Since its creation, the constitutional and legal regulations in this subject matter have experienced further major reforms, which have affected the composition and details of the IFE. A reform approved in 1996 reinforced the level of independence and autonomy of the IFE by completely dissociating the executive branch from any aspect regarding its membership or functions, and by reserving the vote within all its directive bodies to the councilors, the members that do not have links to any party or to any state power or body. 

IFE had legal personnel and assets of its own.  Its headquarters were located in the Federal District, and it was organized under a decentralized framework that allowed it to exercise its duties throughout the country.

As a result of electoral reforms initiated by President Enrique Peña Nieto, the IFE was dissolved on April 4, 2014, and was supplanted by the National Electoral Institute (, INE).

2014–present 
With its creation in 2014, the National Electoral Institute took over all responsibilities of the Federal Electoral Institute. It was also charged with oversight of all elections at local and state level, as well as plebiscites and the regulation of processes of citizen´s participation in public administration. Lorenzo Córdova was appointed chairman of the General Council for a 9-year period starting 2014.

In 2022, President Andrés Manuel López Obrador proposed a reform that would require INE officials to be elected by vote. He contends that the proposal would "allow citizens to select honest people to run elections." The idea is opposed by academics and nongovernmental organizations, viewing it a way to politicize the body with parties steering their supporters to vote for particular candidates for the board.

Political parties and associations
IFE was charged with the registration, funding and oversight of national political parties.
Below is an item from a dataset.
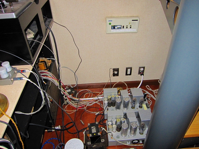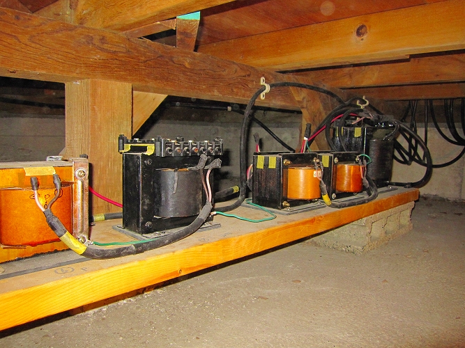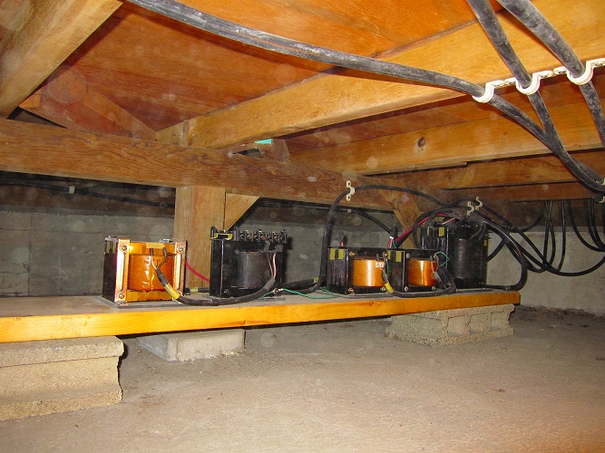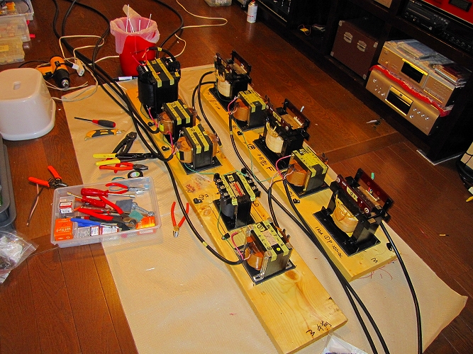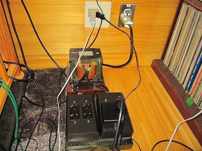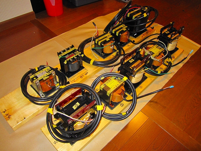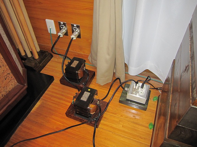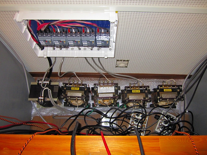 昨年6月からの電源改修工事が、ようやく全て完了しました。今までは、エナジーのアイソレーショントランス(100V)2台を取りあえず、仮接続して利用していましたが、今回ようやく、200Vトランス(200V→100V)1台と4台の100V(100V→100V)アイソレーショントランスが接続され、全てのオーディオ用電源が5台のアイソレーショントランス経由で使用できるようになりました。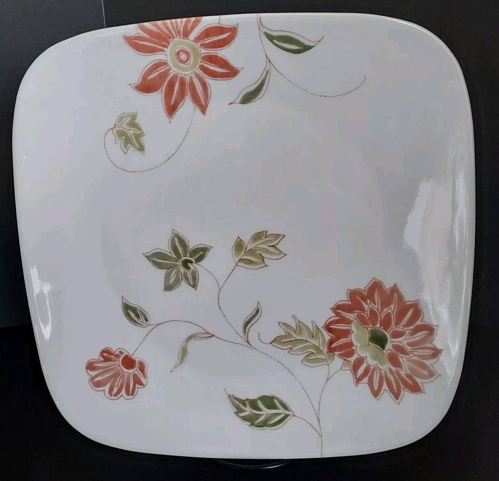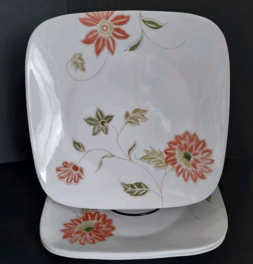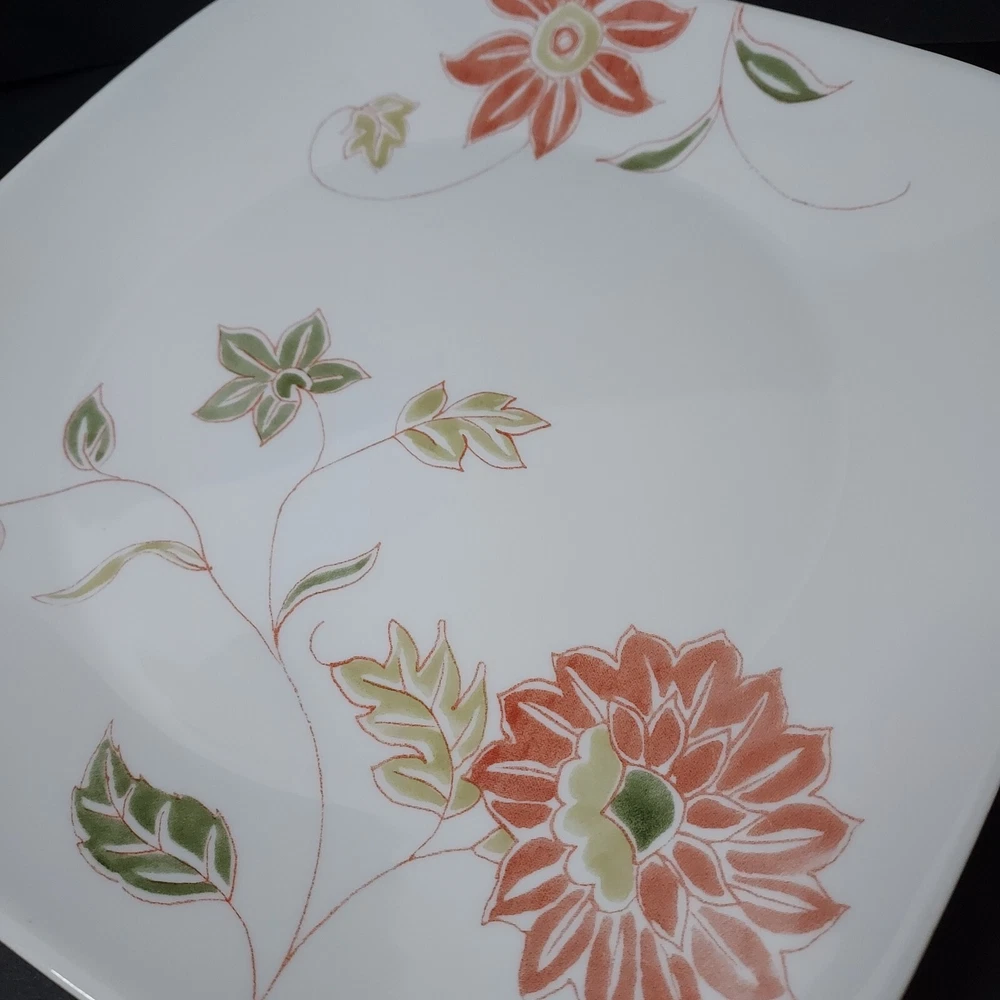 These white square dinner plates feature a fresh orange/red floral design with green and sage leaves. They were made from 2014-2019. The plates are in excellent pre-owned condition with no chips or cracks.

Starting 2014, INE was also charged with oversight over local political parties, which before 2014 were registered by each state's Electoral Institute. Rules and guidelines for the registration of political parties are outlined in the Federal Code of Electoral Institutions and Procedures.

In addition, INE registers national political associations, which are intended to assist in the development of democratic life and the country's political culture, as well as being intended to create a better informed public opinion. The creation of a national political association is usually regarded as the first step towards the creation of a full-fledged political party.

Professional Electoral Service
In order to guarantee a professional and specialized performance of its responsibilities, the INE used a special system of recruitment, selection, training, and evaluation of qualified staff to provide electoral services, especially in its fundamental areas, which are the ones directly linked with the preparation and organization of elections.

Redistricting
Since the early 1990s, INE has held the authority to redraw congressional districts, and since 1996, INE has used a redistricting algorithm to redraw congressional districts. The INE Executive Board appoints a technical committee, which is made up of experts in cartography, demography, and statistics. The committee adopts an objective scoring function that includes criteria, such as population equality, compactness, preserving political boundaries, traveling time, and minority representation. Once the scoring function is adopted, the technical committee creates a proposed map using an optimization algorithm. Different optimization algorithms have been used at different times, such as simulated annealing and honeycomb optimization. Political parties have two opportunities to propose changes that score better on the objective scoring function before the committee makes a final recommendation for adoption. The interaction between the political parties and the committee, their proposed maps, and intermediate maps are not publicly available.

Results 
The first electoral process organised by INE was in the period 2014-2015. In total 2,159 candidates were elected at local, state and national levels. The increase in violence against women participating in electoral processes prompted the institution to prepare and adopt, together with other organizations, a protocol to eliminate violence against women in electoral processes.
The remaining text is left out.